Shame, guilt, parenting uncertainty all flooded my mind (and heart) as I scooped up my little boy and asked for a detailed account of what had transpired. The teacher, sensing my concern, quickly explained that it was in self defense and that Trey had been pulled off the teeter-totter by another child. It upset him and he bit in response to being hurt. This explanation somewhat relieved my major concerns: would we face expulsion this early in my son’s academic history, did I put him into daycare too quickly; was this an outburst of some other frustration that has been building?

The teacher kindly explained that this was very common and since it was not instigated by my little boy and not chronic, it was not perceived to be a problem.  I asked what I can do and to my surprise she replied with, “Not much” but to be aware of any biting at home and to respond consistently with “No biting”. Well, that sounds easy.

But, I was not entirely content with that resolution and so, in keeping with my curious nature; I took to the internet to get more feedback. The best advice I found was from Parenting Magazine, “When Toddlers Bite: A guide to understanding and curbing this upsetting (but normal) toddler behavior” by Melanie Monroe Rosen. In the guide, I came to realize there a variety of reasons why toddlers may resort to biting; an understanding that helped me put this episode into proper perspective.

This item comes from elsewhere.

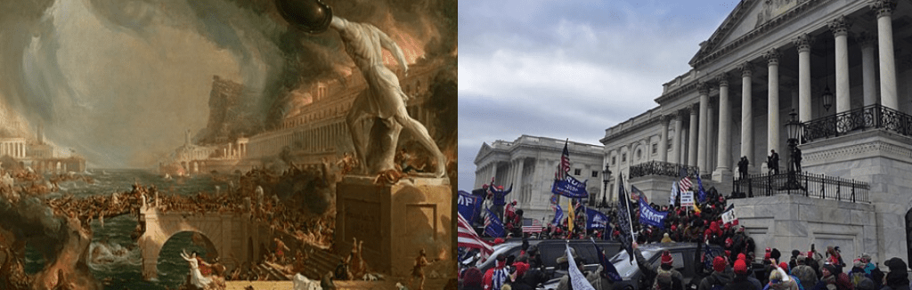 L’histoire illustre bien cette détérioration entropique. Comme les êtres vivants (qui sont dans le fond des systèmes biologiques), toutes les entités politiques ont une durée de vie, et bien que celle-ci puisse être longue, bien qu’elle puisse s’estomper doucement dans le temps ou souffrir le choc d’une fin violente, cette vie prend fin. Les empires les plus puissants et les plus éblouissants tout comme les parenthèses éphémères de l’histoire ont tous fini par disparaître dans l’ombre du temps et il n’y a pas actuellement aucun pays qui soit restée inchangé, c’est-à-dire insoumis aux pressions entropiques, depuis le début de son histoire. Le fait même qu’il y ait un début veut dire qu’il a dû y avoir une fin qui l’ait précédé. Rien ne permet donc de croire de façon dogmatique, comme beaucoup d’américains semblent le faire grâce a une mythification idéaliste du rayonnement et de la puissance de l’Amérique, que nous sommes à l’abri d’un scénario dans lequel l’entropie puisse atteindre un niveau qui pourrait éventuellement avoir raison de notre système. Ce pays a traversé des belles époques (même si celles-ci n’étaient pas « belles » pour tout le monde)  mais ces étapes, les étapes de stabilité du système, semblent malheureusement (ou heureusement) être derrière nous. Le système continuera certes à fonctionner pendant quelque temps, mais il continuera aussi sa longue marche entropique vers la mutation ou la désintégration. Au XIXe siècle on parlait du destin manifeste de l’Amérique à étendre ses frontières vers l’ouest, une idée qui exprimait une certaine idéalisation de la propagation du progrès. Ce destin comporte peut-être aussi la décadence tel un corps qui vieillit. Chaque jour qui passe, les fissures qui étaient déjà apparentes il y a un nombre d’années, s’ouvrent de plus en plus et deviennent des gouffres béants qui semblent toujours plus infranchissables.

It’s been weeks since the dreaded incident without a repeat performance (thank goodness!). We have reinforced the “no biting” theme at home and it appears to be sinking in.

Mommy Lessons Learned:

  • Resist the urge to overreact: These phases will come and go and there will be many more throughout my child’s lifetime.
  • Knowledge is power: Reference all the great sources on the internet and in person (teachers, doctors, friends and family) for excellent advice/feedback.
  • Take a deep breath and give it time: Change doesn’t have to happen overnight, but with reinforcement, it can happen effectively.
  • Do not allow an incident to define your child: Even if you skew type “A” like me, try to provide your child with the room they need to learn and grow naturally through life experiences.

Now, if only I can keep these lessons top of mind!